Daha doğrusu yazmama izin vermedi yaşadığımız bu topraklarda birkaç gündür devam edegelen iklim.

*  *  *

Önce, benim de yirmi yıldır okuru olduğum Cumhuriyet Gazetesi’nin Genel Yayın Yönetmeni Can Dündar ile Ankara Temsilcisi Erdem Gül, gerçek bir demokraside/hukuk devletinde ‘basın özgürlüğü’ kapsamında görülecek bir haber yüzünden tutuklandılar.

Bunun üzerine, ‘basın’ın işlevinden, halkın ‘haber alma özgürlüğü’nden, asıl özgürlüğü kısıtlananın halk olduğundan söz eden bir yazı tasarlamıştım kafamda.

Ve ‘basın’ın, günümüz demokrasilerinde ‘yasama’, ‘yürütme’ ve ‘yargı’nın dışında ‘dördüncü güç’ olarak anıldığını ve kabul edildiğini vurgulayacaktım o yazıda. Tıpkı diğer güçlerin/organların, değişik yöntemler ile (gensoru, meclis araştırması, anayasal ve idari yargı vs.) birbirini denetlemesi gibi basının da bu üç kuvveti halk adına, kamuoyu adına denetleyerek bir dördüncü güç olarak yer aldığını belirtecektim ayrıca.

Ve hatta konuyu bölgeye bağlamak adına, bu süreçte öğrendiğim, Erdem Gül’ün Giresunlu olduğunu ve annesinin tüm ülkede vicdan sahibi insanların yüreğini titreten “Ben çocuklarımı fındık toplayarak büyüttüm.” sözünü ve bu sözün ardındaki idealist babanın öyküsünü anlatacaktım sizlere.

Ama bu da olmadı, olamadı.

*  *  *

Bu yazının kaleme alındığı gün olan 28 Kasım Cumartesi günü, saat henüz öğlen onikiyi göstermemişti ki, Twitter’da önce, Diyarbakır’da saldırı olduğu, yaralıların bulunduğu haberlerini okudum.

Dakikalar sonra sırasıyla; saldırının, Diyarbakır Barosu Başkanı Av.

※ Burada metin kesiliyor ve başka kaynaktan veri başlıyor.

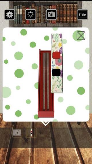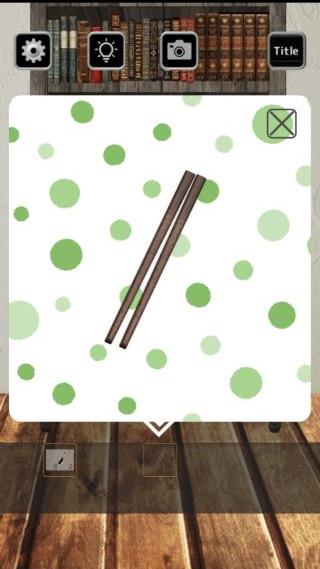 「箸」を使って、先ほどの棚の中の図形を枠に当てはめて『白赤白青黄』となるのを確認。
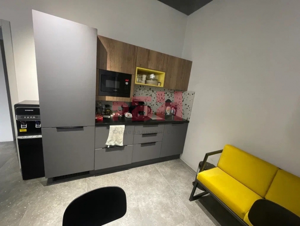 -Дизайнерский ремонт: окна+перегородки – алюминий, пол - керамогранит 1200*600, потолок – стиль лофт, стены – обои под покраску, немецкие радиаторы;
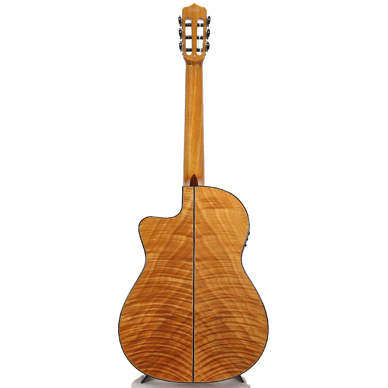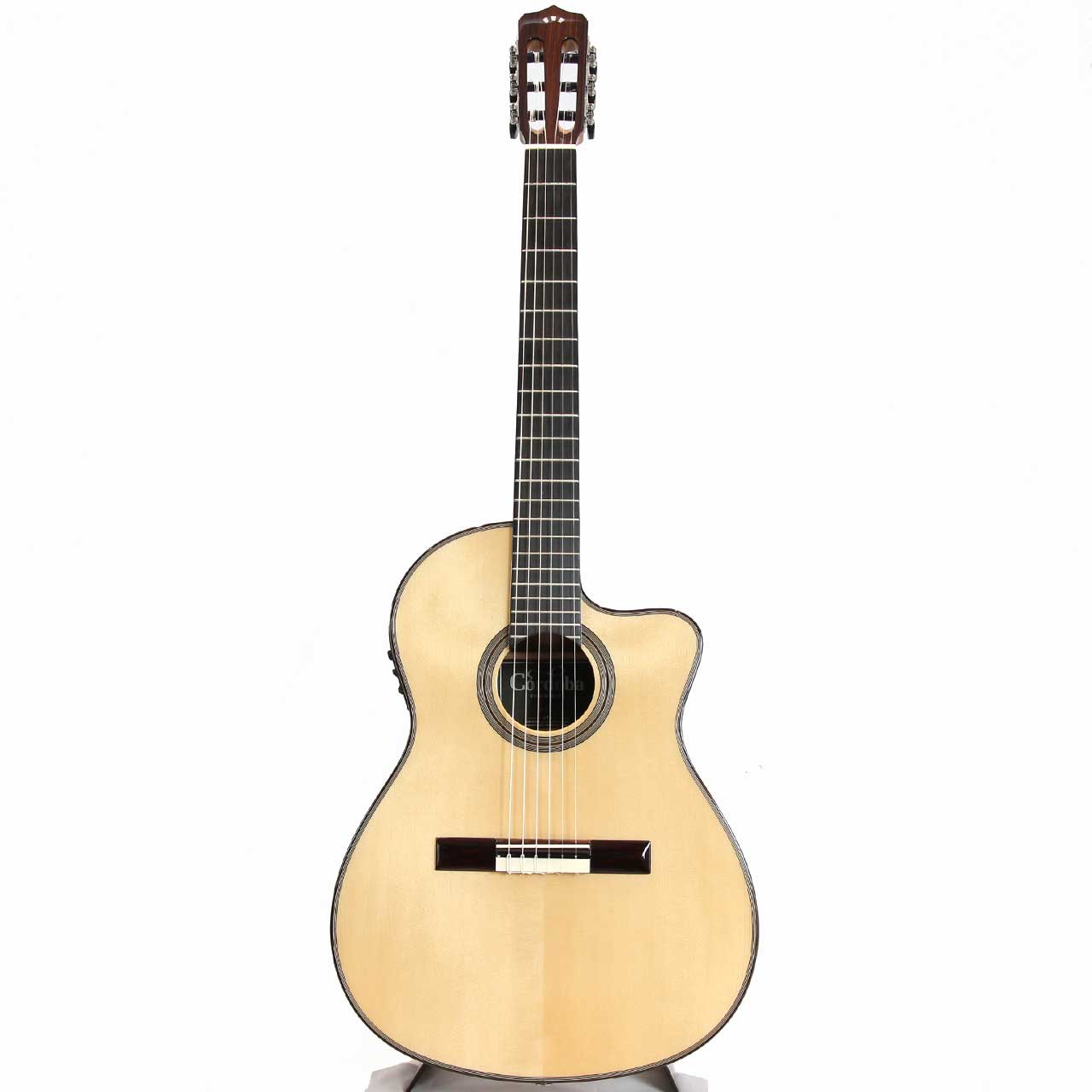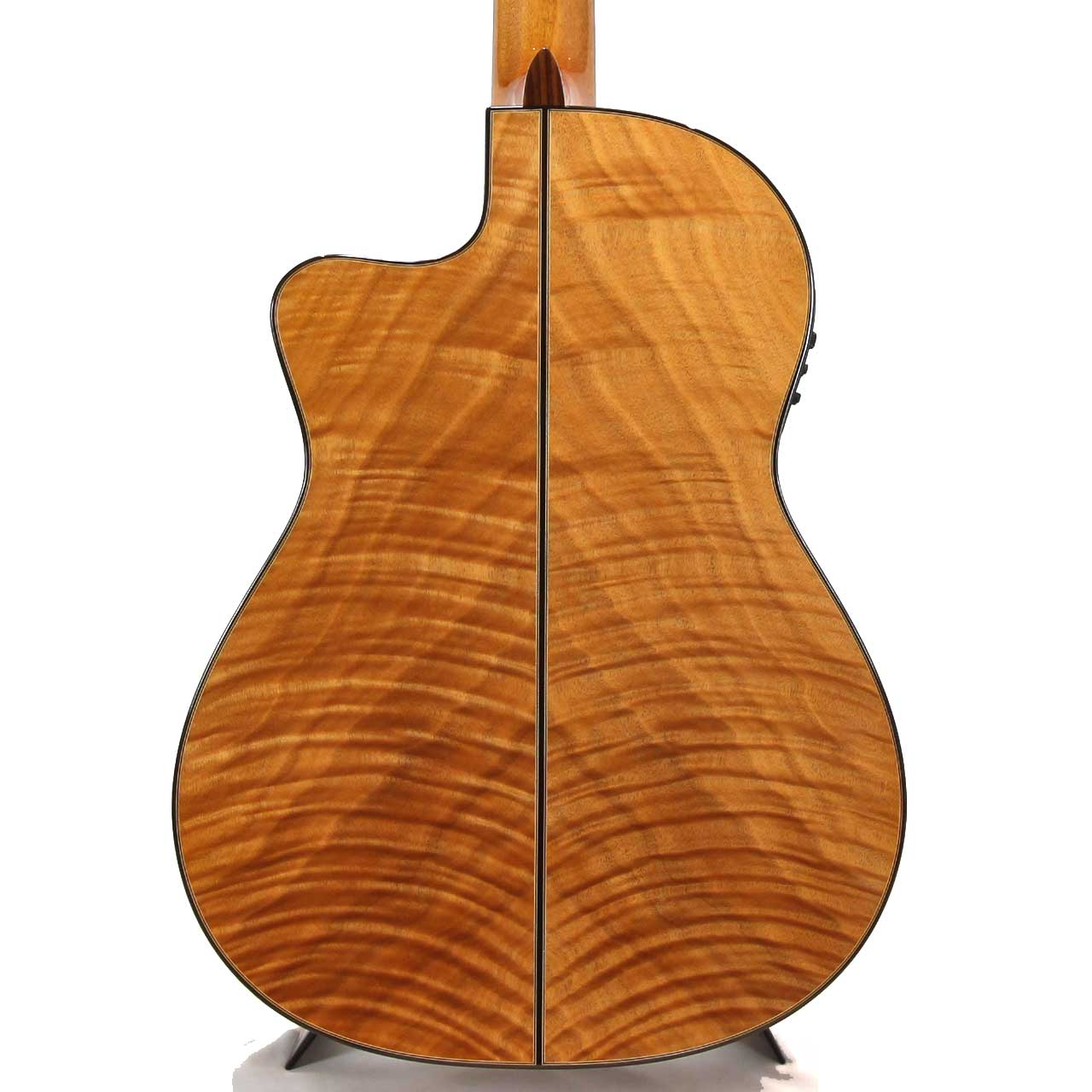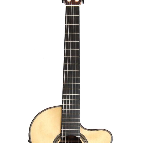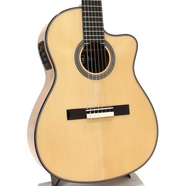 ヨーロッパ・スプルース単板トップ、非常に美しいフレイム・メイプル材バック&サイド、カッタウェイ付きフル・ボディ、サイド・ドット・フレット・ポジションマーカー、フュージョン・ネックは16インチ・ラジアスの指板で、ナット幅は狭めの1 7/8インチ(48mm)、Fishman Presys VTピックアップ搭載のエレガットスタイル。
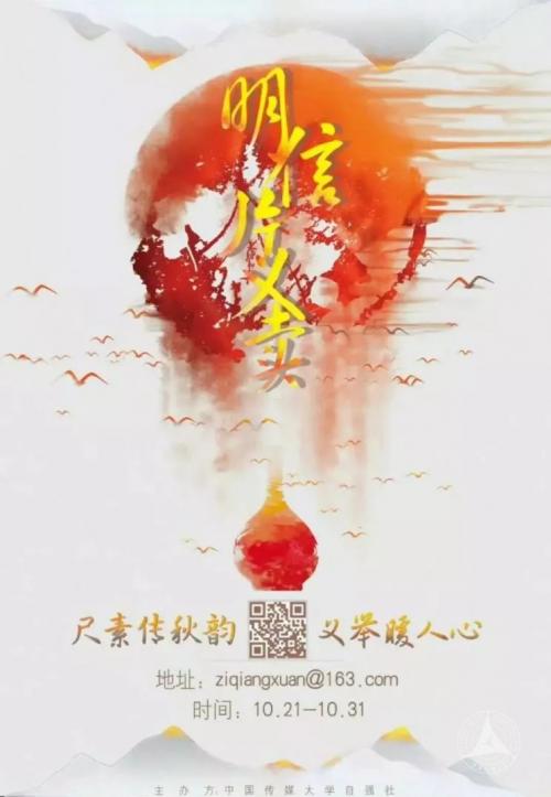 活动时间:10月29日——11月4日 活动地点:中国传媒大学 发布者:许诺、刘晨辉 活动 【CUC自强人】明信片照片征集 活动时间:10.21-10.31期间 简介:把你手中含有广院美丽风景的照片发给我们,由我...
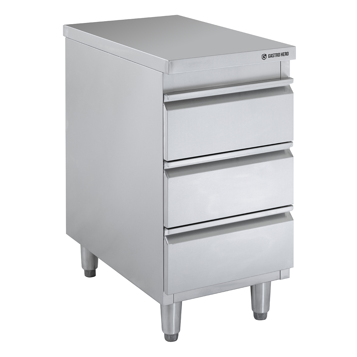 Gastro Edelstahl-Schubladenschrank BASIC 3er Einheit 700; Arbeitsschränke mit Schubladenblock, 3 Schubladen
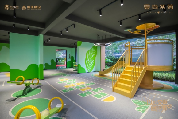 踏入社区,“植物园”系的高绿化率率先带来强烈视觉冲击——丛生朴树、香樟枝繁叶茂,老紫薇树沉淀岁月韵味,大金桂、枇杷等四季常绿树种点缀其间,真正实现“一步一景,四季有景”,让自然生机融入生活每一寸肌理。C7栋(公安编号)架空层,被打造成全龄乐活能量场:这里既有承载孩童欢笑的游乐天地,也有供成人闲谈放松的休憩港湾,更有下楼即享的运动健身空间。三大场景无缝衔接,让业主既能各寻所爱,也能随时共享陪伴时光。
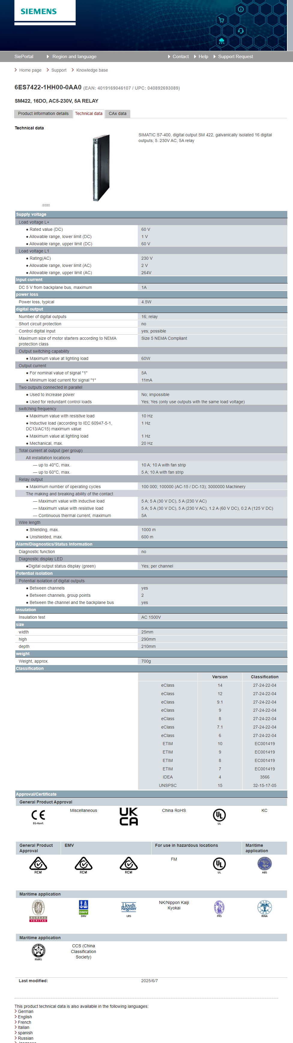 SIMATIC S7-400, digital output SM 422 6ES7422-1HH00-0AA0

Tahir Elçi’nin basın açıklaması sırasında gerçekleştirildiği, bir kişinin öldüğü, haber olarak geçiyordu sosyal medyada.

Ve yine dakikalar sonra, öldürülen kişinin Tahir Elçi olduğu haberi geçmiş ve ardından haber kesinleşmişti.

Erdem Gül ve Can Dündar olayında tanık olduğumuz üzere hukuk katledilmişti. Ve gördük ki, katledilme sırası hukukçulara gelmişti. Ve bir Avukat, bir Baro Başkanı, neredeyse herkesin gözü önünde öldürülmüştü. Üstelik bir tarihsel miras olan ‘Dört Ayaklı Minare’nin ayaklarına ateş edilmesini ve tahrip edilmesini kınamak adına basın açıklaması yaparken başından vurularak.

*  *  *

İşte ‘ilk yazı’nın öyküsü kısaca bu…

Ve ‘mutlu son’ adına, normal bir toplumun hiç yaşamadığı veya yıllar içinde yaşadığı, bizim ise birkaç gün gibi çok kısa bir süre içerisinde yaşadığımız bütün bu travmaların (ki, dikkat ederseniz Rus uçağının düşürülmesi ve bu bağlamda bizi her geçen gün bataklığa sürükleyen Suriye politikası dahil dış politikaya hiç değinmedim) ve bu travmaların toplumsal/bireysel belleğimizde yarattığı derin izlerin sona ermesi için, Türkçe’nin büyük ozanı Nazım Hikmet’in sözleriyle “güzel, güneşli günler”in ve özlediğimiz ‘ilkyaz’ın bu ülkeye gelmesini dileyerek ve umut ederek bitirelim bu öyküyü.